▶ Task inputs:

*** Begin section ***

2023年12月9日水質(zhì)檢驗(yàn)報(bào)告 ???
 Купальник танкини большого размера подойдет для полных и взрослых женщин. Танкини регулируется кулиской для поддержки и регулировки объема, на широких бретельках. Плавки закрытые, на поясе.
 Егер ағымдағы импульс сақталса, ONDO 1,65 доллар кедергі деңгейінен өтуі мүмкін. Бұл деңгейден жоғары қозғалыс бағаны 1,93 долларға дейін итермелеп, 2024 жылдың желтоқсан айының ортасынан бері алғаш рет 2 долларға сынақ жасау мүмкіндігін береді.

*** End section ***
*** Begin section ***

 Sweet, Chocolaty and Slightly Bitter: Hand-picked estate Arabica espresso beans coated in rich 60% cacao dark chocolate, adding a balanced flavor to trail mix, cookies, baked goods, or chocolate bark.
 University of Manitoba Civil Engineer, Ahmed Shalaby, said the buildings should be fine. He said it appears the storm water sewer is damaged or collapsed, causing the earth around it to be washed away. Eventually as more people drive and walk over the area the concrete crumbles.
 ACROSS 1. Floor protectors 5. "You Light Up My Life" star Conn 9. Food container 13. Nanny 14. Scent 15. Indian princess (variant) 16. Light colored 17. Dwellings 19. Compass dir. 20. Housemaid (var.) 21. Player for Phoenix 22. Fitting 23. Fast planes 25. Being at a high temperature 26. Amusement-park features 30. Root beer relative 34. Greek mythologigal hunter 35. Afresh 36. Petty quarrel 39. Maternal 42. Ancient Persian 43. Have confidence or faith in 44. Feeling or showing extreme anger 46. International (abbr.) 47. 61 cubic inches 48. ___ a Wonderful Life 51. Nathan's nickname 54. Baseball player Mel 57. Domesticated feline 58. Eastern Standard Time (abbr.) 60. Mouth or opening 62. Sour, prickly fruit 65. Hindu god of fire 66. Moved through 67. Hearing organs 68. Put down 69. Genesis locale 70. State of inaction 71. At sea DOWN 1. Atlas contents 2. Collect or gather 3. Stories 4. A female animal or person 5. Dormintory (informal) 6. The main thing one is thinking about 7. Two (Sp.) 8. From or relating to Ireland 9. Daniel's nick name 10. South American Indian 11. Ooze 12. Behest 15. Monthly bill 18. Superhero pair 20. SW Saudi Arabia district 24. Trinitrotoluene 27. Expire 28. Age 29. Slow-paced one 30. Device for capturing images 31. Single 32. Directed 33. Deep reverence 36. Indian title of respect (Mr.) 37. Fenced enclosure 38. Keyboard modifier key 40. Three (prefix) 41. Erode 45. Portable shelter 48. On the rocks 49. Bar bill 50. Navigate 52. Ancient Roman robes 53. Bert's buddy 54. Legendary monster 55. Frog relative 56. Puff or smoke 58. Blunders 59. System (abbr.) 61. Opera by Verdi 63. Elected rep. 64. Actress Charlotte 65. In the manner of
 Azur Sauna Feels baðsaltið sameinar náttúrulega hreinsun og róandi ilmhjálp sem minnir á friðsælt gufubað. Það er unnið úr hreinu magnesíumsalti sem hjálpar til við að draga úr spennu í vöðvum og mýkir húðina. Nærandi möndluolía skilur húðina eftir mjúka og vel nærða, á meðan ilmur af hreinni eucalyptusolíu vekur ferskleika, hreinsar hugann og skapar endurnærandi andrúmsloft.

*** End section ***

▶ What the task asks: The answer is the run of lines above from the line containing "2023年12月9日水質(zhì)檢驗(yàn)報(bào)告 ???" through the line containing "Егер ағымдағы импульс", copied exactly and alone.

▶ Exercise result:
2023年12月9日水質(zhì)檢驗(yàn)報(bào)告 ???
 Купальник танкини большого размера подойдет для полных и взрослых женщин. Танкини регулируется кулиской для поддержки и регулировки объема, на широких бретельках. Плавки закрытые, на поясе.
 Егер ағымдағы импульс сақталса, ONDO 1,65 доллар кедергі деңгейінен өтуі мүмкін. Бұл деңгейден жоғары қозғалыс бағаны 1,93 долларға дейін итермелеп, 2024 жылдың желтоқсан айының ортасынан бері алғаш рет 2 долларға сынақ жасау мүмкіндігін береді.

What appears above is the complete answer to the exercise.